Can I use fresh tomatoes instead of canned?

Yes, especially in peak season. Use 2 pounds of ripe plum or Roma tomatoes, peel and core them, then crush. You’ll likely need a longer simmer and a pinch more salt.

Is San Marzano really necessary?

Not mandatory, but they’re reliably sweet and low-acid.

If using other brands, taste and adjust—quality matters a lot in such a simple sauce.

Do I need tomato paste?

Optional. It adds concentrated tomato flavor and color, useful if your tomatoes are shy. Keep it to about a tablespoon to avoid overpowering the sauce.

Why finish pasta in the sauce?

The pasta releases starch that helps the sauce emulsify, cling, and taste luxurious.

Tossing in the pan turns “pasta with sauce” into one unified dish.

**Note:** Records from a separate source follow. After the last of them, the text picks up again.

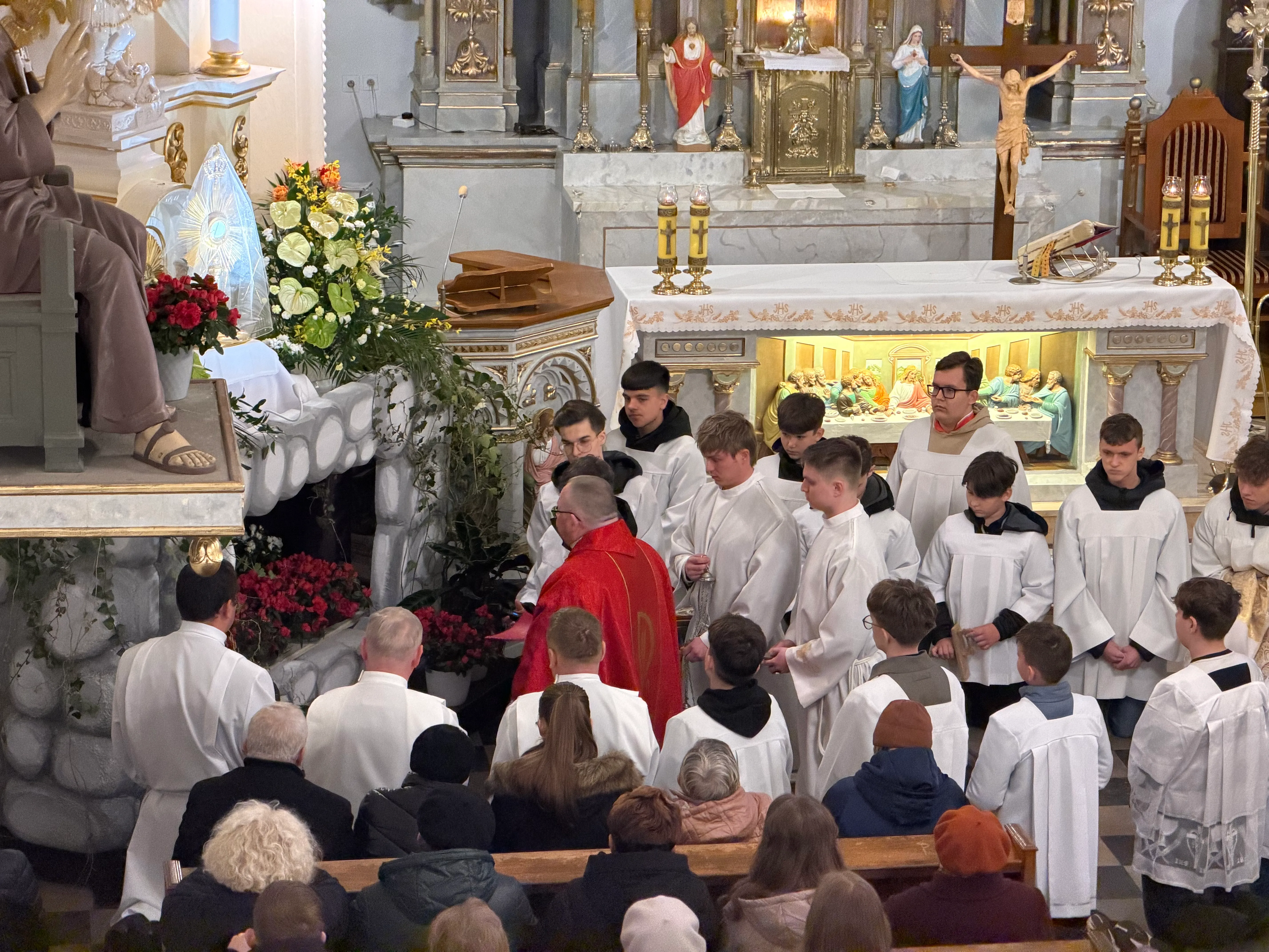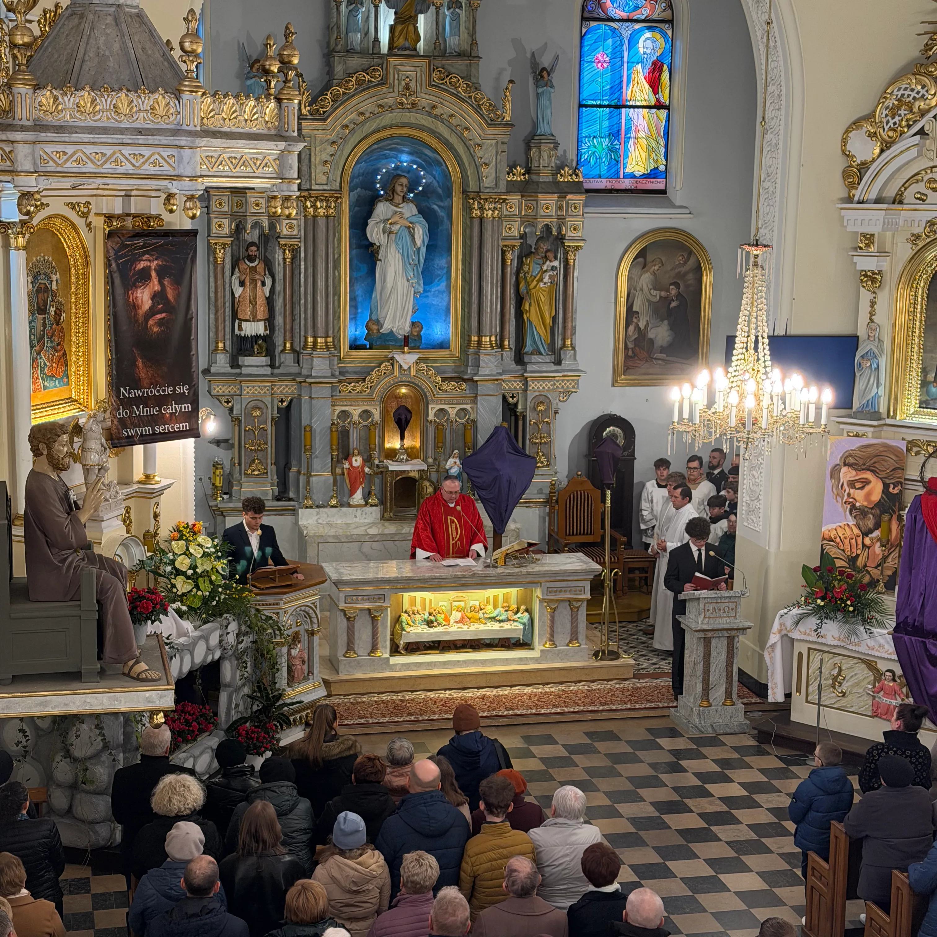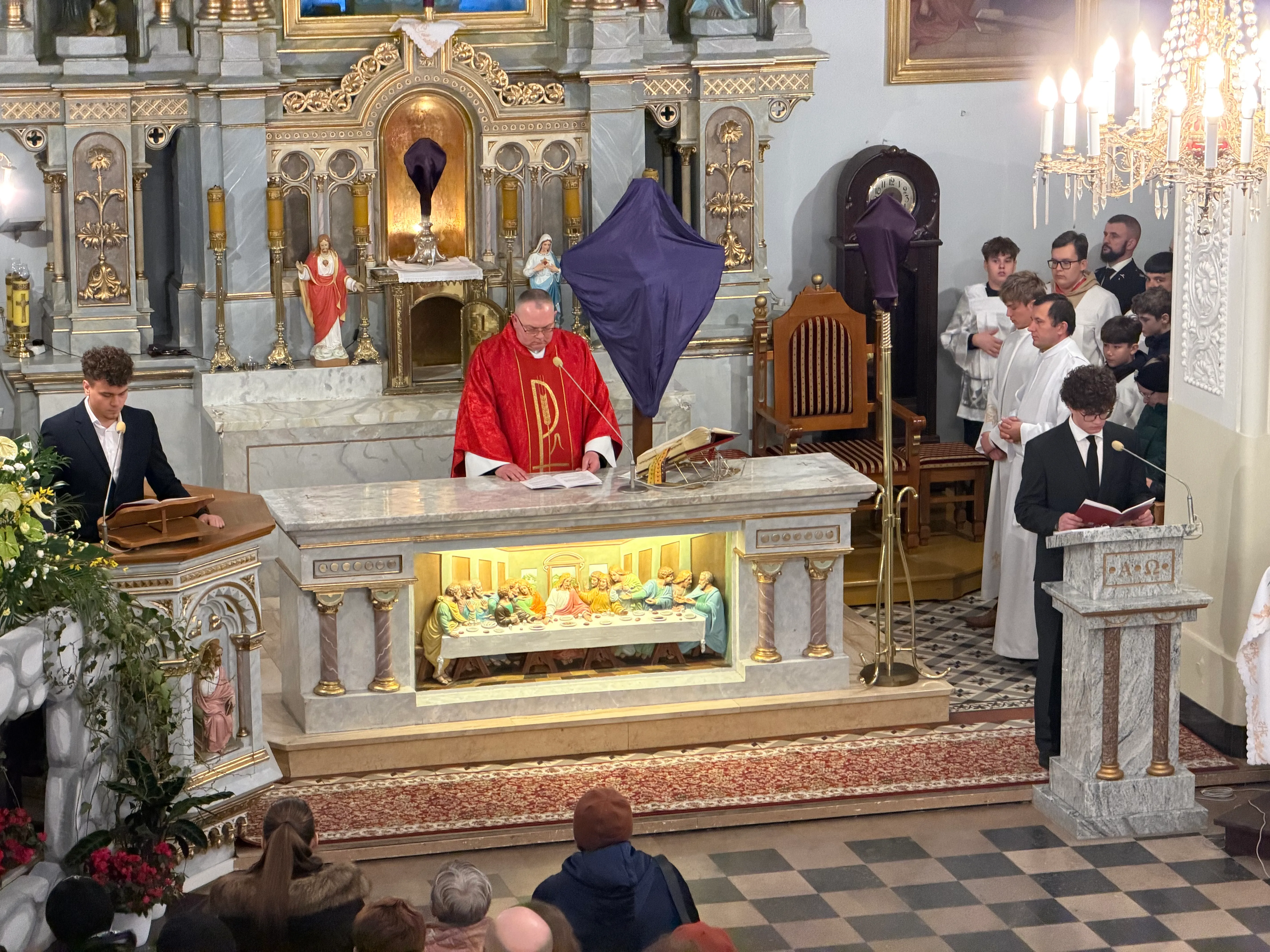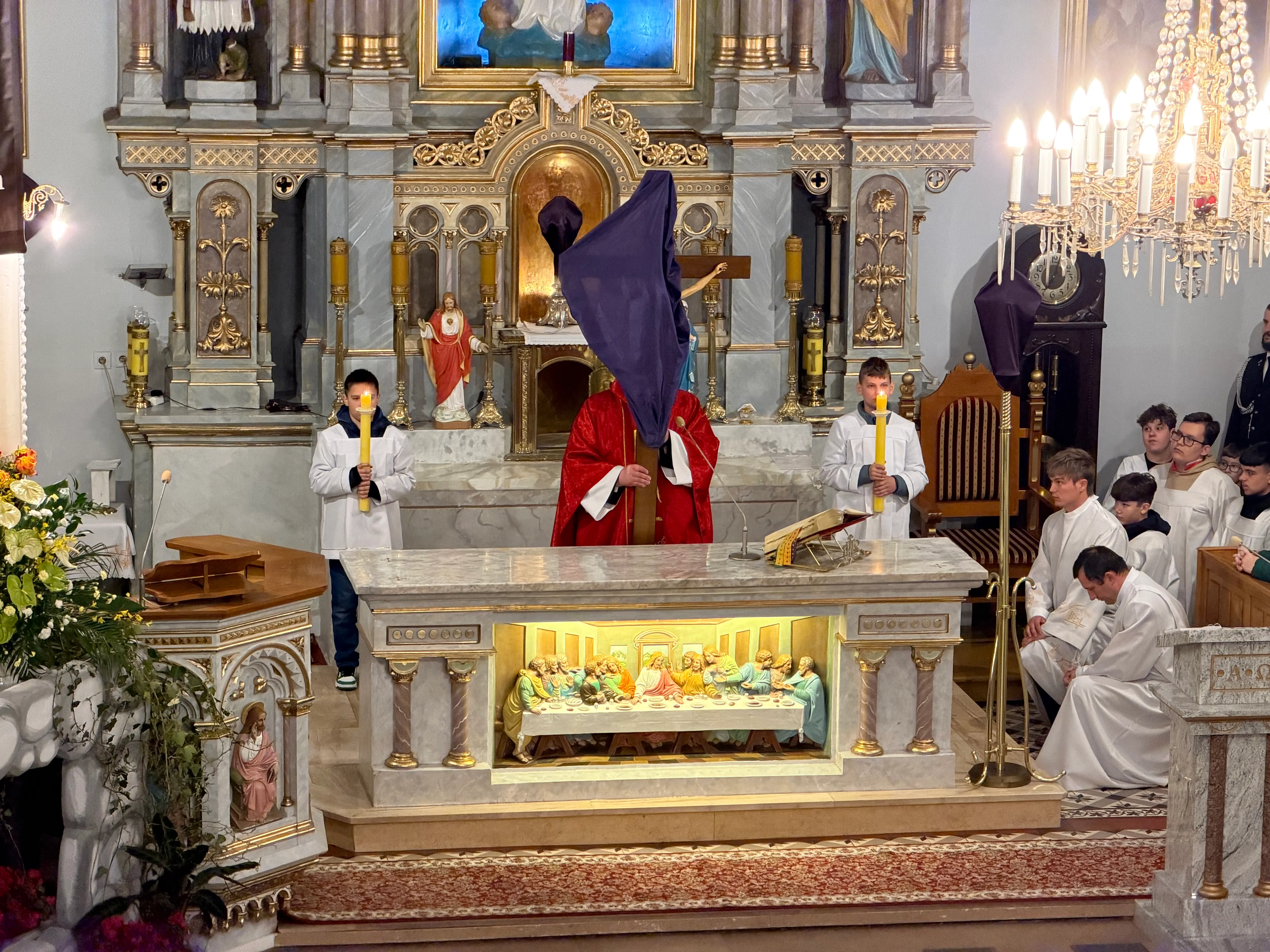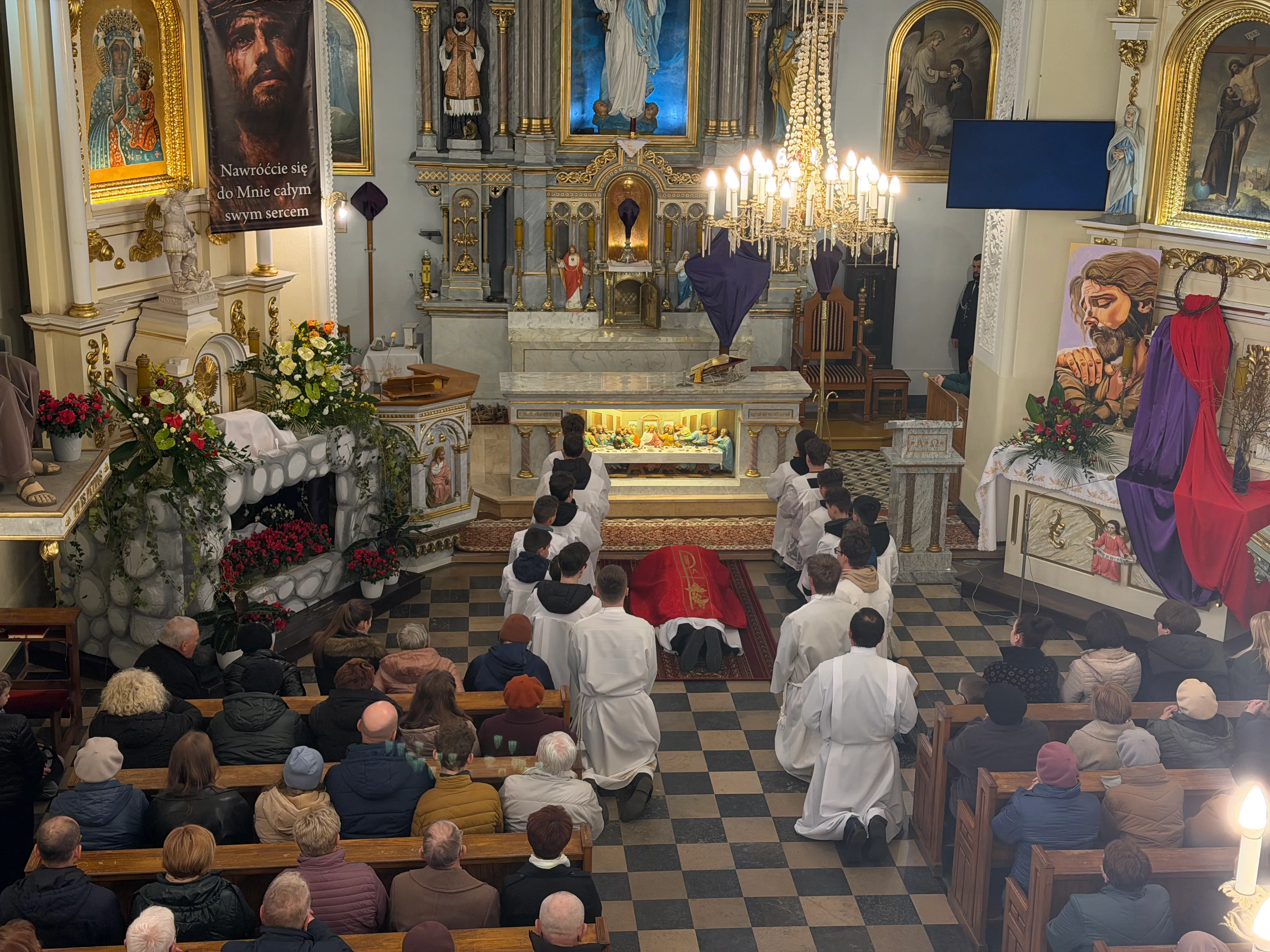 Ceremonię Wielkiego Piątku rozpoczęła Droga Krzyżowa. Wielkopiątkowa liturgia jest pamiątką zwycięstwa odniesionego przez umęczonego i ukrzyżowanego Jezusa Chrystusa. W tym dniu używa się czerwonych szat liturgicznych symbolizujących miłość zwyciężającą na krzyżu, ale nie odprawia się Mszy świętej. Liturgię rozpoczęła milcząca procesja. Kapłan dokonał aktu prostracji, czyli leżenia krzyżem, co jest znakiem najgłębszej adoracji, uniżenia i pokuty.
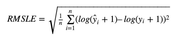 RMSE에 로그를 취해준 형태입니다. log0은 무한대로 수렴하므로 +1을 해주었습니다.
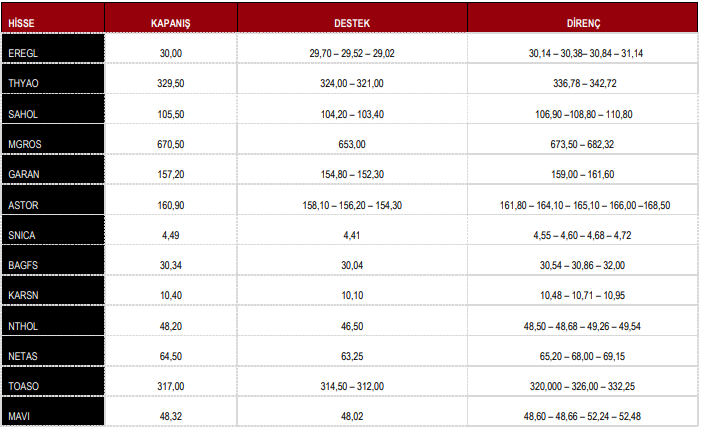 BIST100 endeksinde 13.739-13.620, 13.521 (boşluk) ve 13.393 seviyeleri önemli desteklerdir. 13.106 (boşluk) da destek seviyesidir. 13.998 ve kısa vadeli yükselen trend direnci olan 14.100 ve üzeri seviyelerde satış baskısı görülebilir. 14.314-14.358 seviyeleri ise sonraki dirençler olarak izlenebilir.
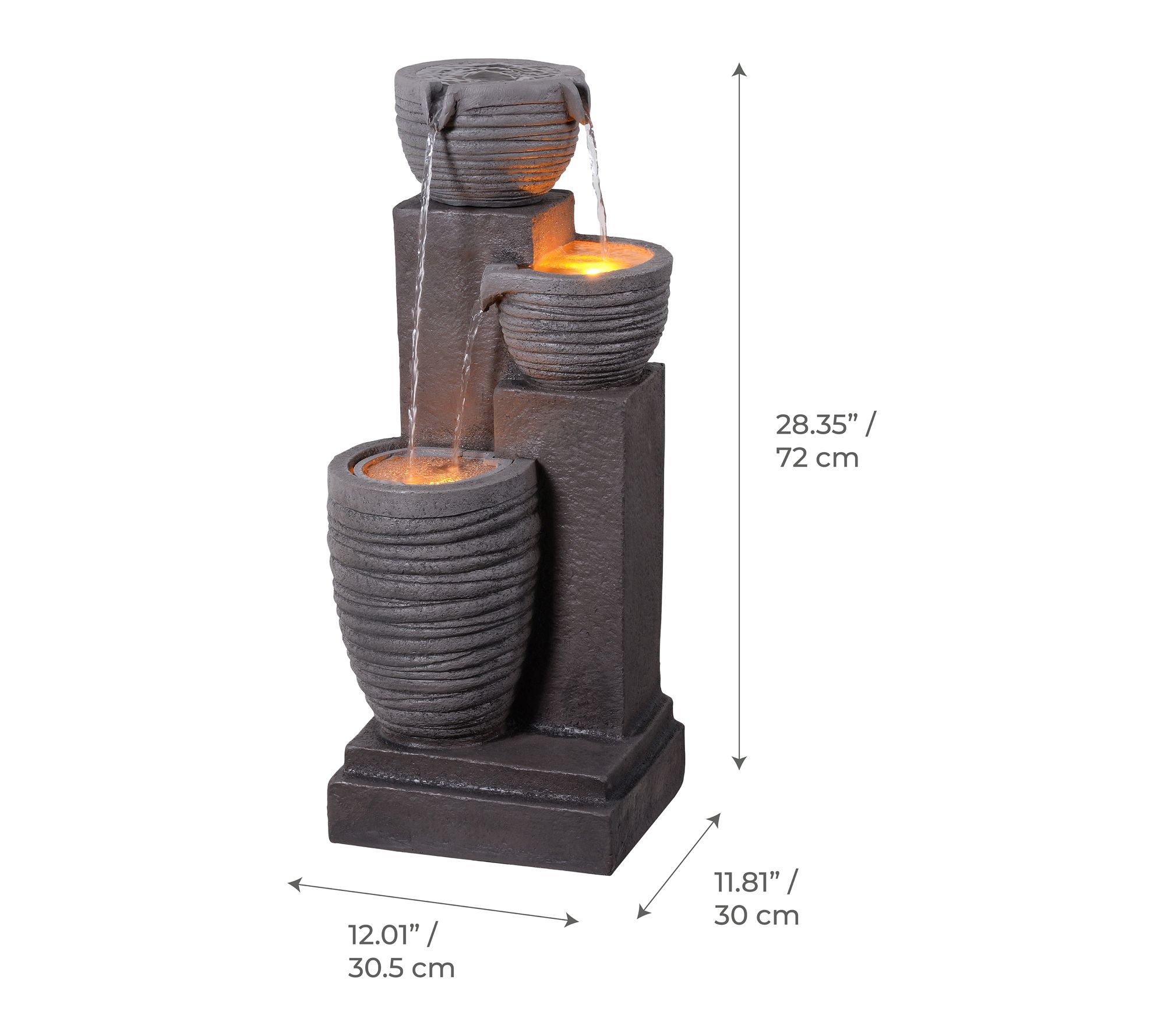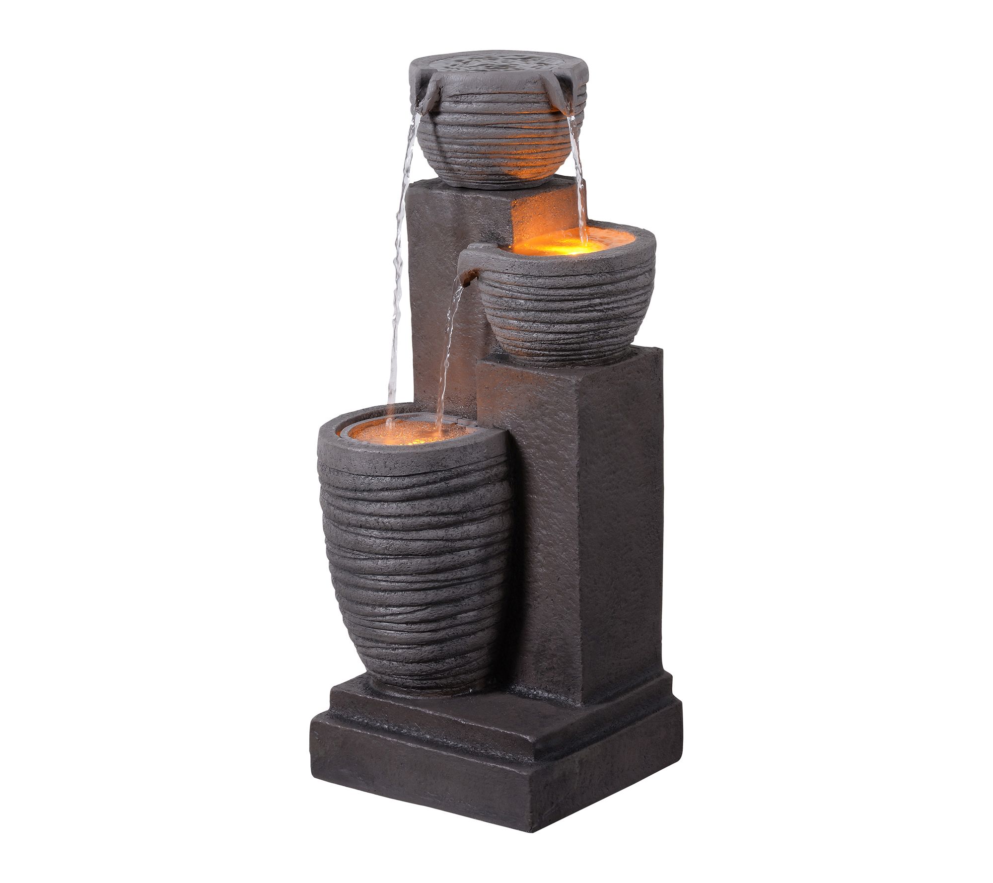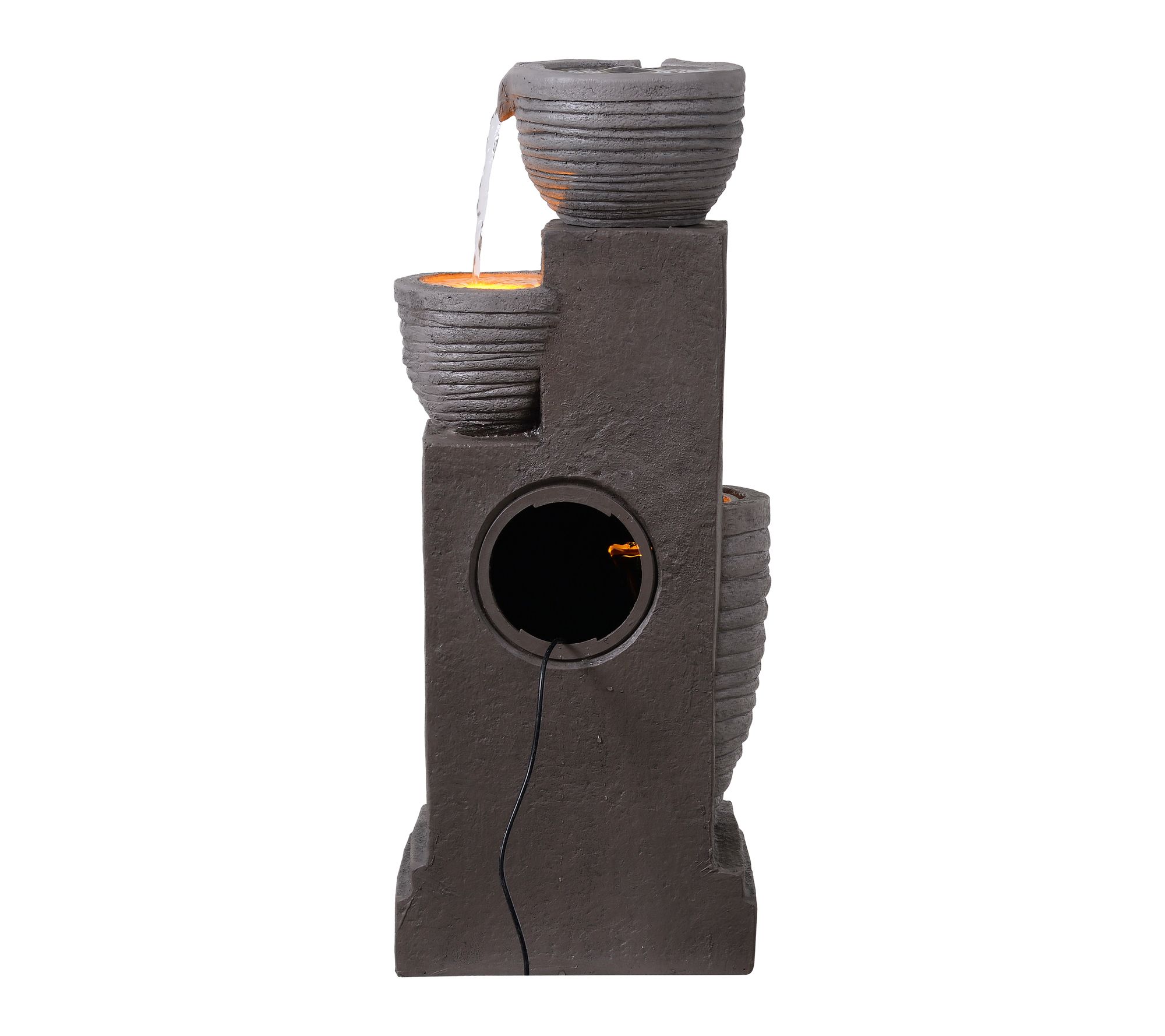 • Three textured bowls create a cascading water feature with a warm gray finish and integrated LED lights for gentle illumination

It’s the pro move, IMO.

What cheese is more traditional—Parm or Pecorino?

Both are used. Parmigiano-Reggiano is nuttier and milder; Pecorino Romano is sharper and saltier.

Choose your personality.

Can I add meatballs or sausage?

You can, but then it isn’t strictly Napolitana. If you want protein, serve meatballs on the side and keep the sauce clean.

How do I fix a sour or tinny sauce?

Simmer longer, add a splash of olive oil, and a pinch more salt. If it’s still harsh, a tiny pinch of sugar or butter can round it out—tiny being the keyword.

Bringing It All Together

Traditional Spaghetti Napolitana is what happens when restraint meets skill.

A few ingredients, cooked with intention, become weeknight gold or date-night power. Respect the garlic, simmer the tomatoes, and marry the pasta to the sauce like you mean it.

Do that, and you’ll have a plate that tastes like sunshine and discipline—no plane ticket to Naples required.